Source data
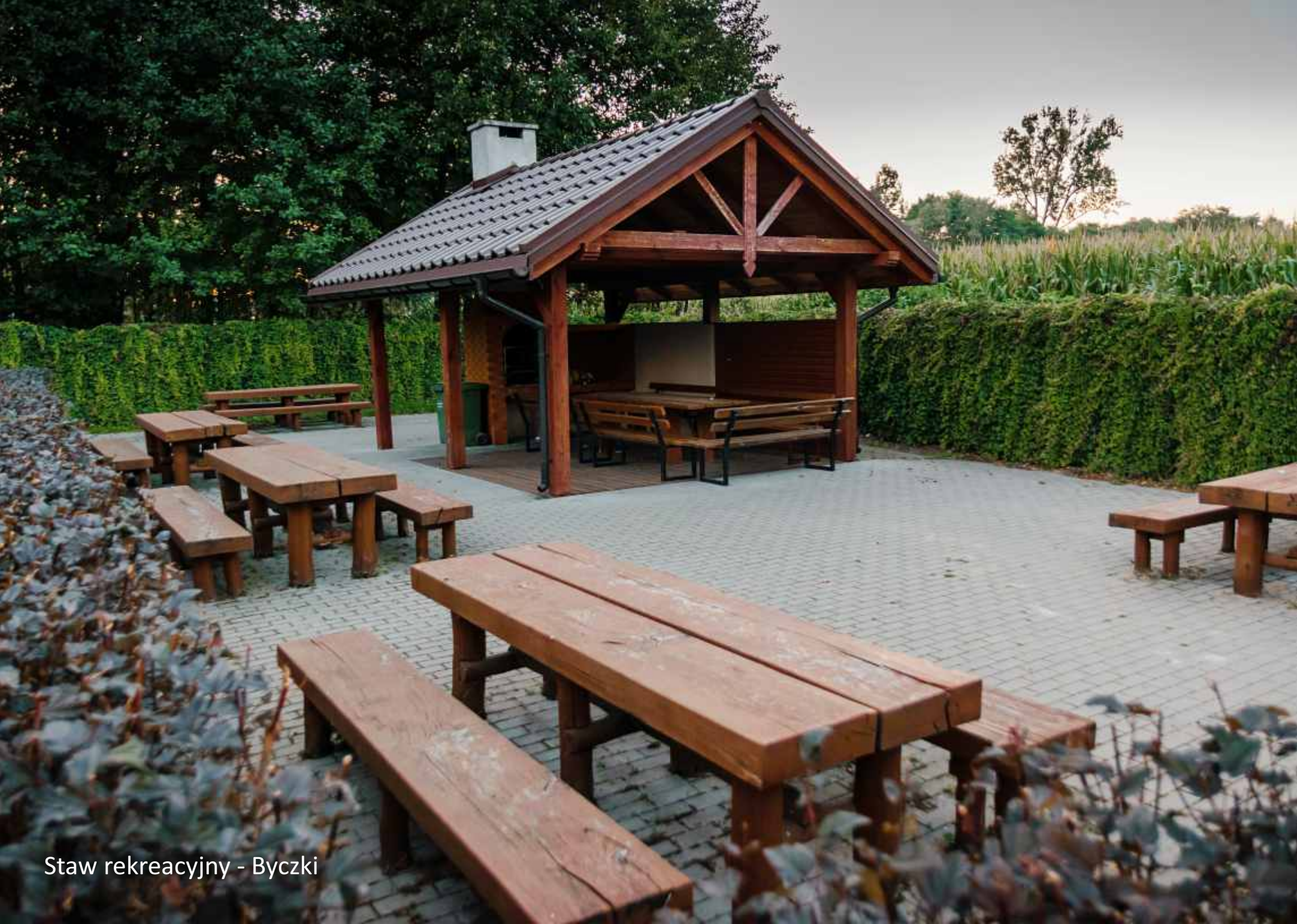
Staw rekreacyjny - Byczki
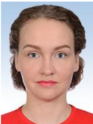
Приходько Наталія Ігорівна

Член Комітету Представник депутатської фракції Політичної партії "СЛУГА НАРОДУ"
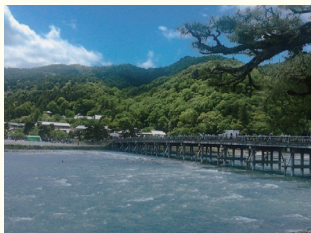
嵐山 ホテルから約35分
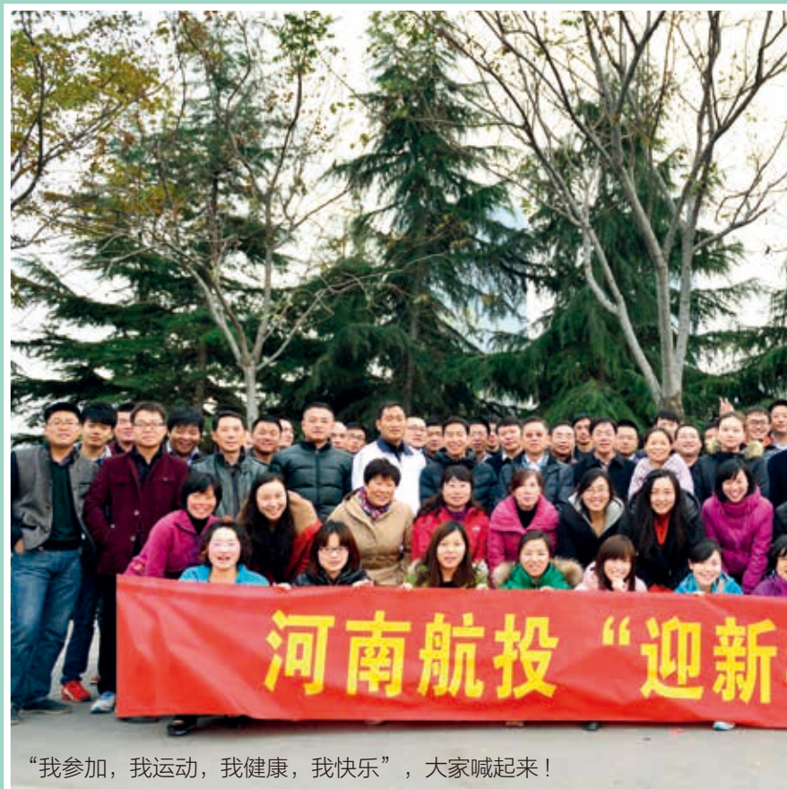
“我参加，我运动，我健康，我快乐”，大家喊起来！

本刊讯 12月24日下午3点，随着一声哨响，郑东新区如意湖边的广场上喊声骤起：“物流，加油！”“党群，冠军！”一场热闹非凡的拔河比赛拉开帷幕，这是河南航投2014“迎新年”文体活动中的一个镜头。台球、乒乓球、跳棋、双升、健步走及拔河6大比赛项目，相继展开。
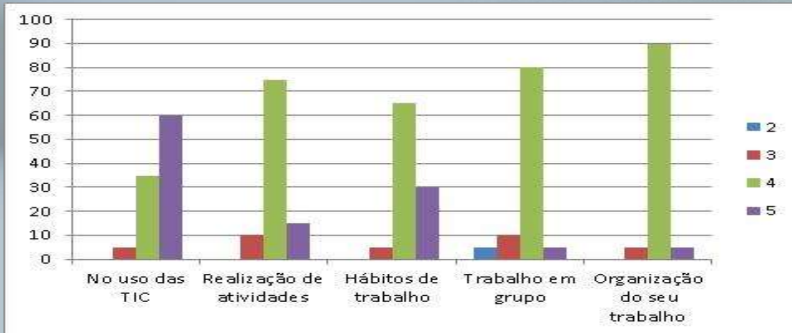
Fig.2 - Avaliação do impacto do Moodle feita pelos alunos.

ASSIGNMENT:
Copy all of the records verbatim, omitting the pictures.

REPLY TO THE TASK:
Staw rekreacyjny - Byczki
Приходько Наталія Ігорівна

Член Комітету Представник депутатської фракції Політичної партії "СЛУГА НАРОДУ"
嵐山 ホテルから約35分
“我参加，我运动，我健康，我快乐”，大家喊起来！

本刊讯 12月24日下午3点，随着一声哨响，郑东新区如意湖边的广场上喊声骤起：“物流，加油！”“党群，冠军！”一场热闹非凡的拔河比赛拉开帷幕，这是河南航投2014“迎新年”文体活动中的一个镜头。台球、乒乓球、跳棋、双升、健步走及拔河6大比赛项目，相继展开。
Fig.2 - Avaliação do impacto do Moodle feita pelos alunos.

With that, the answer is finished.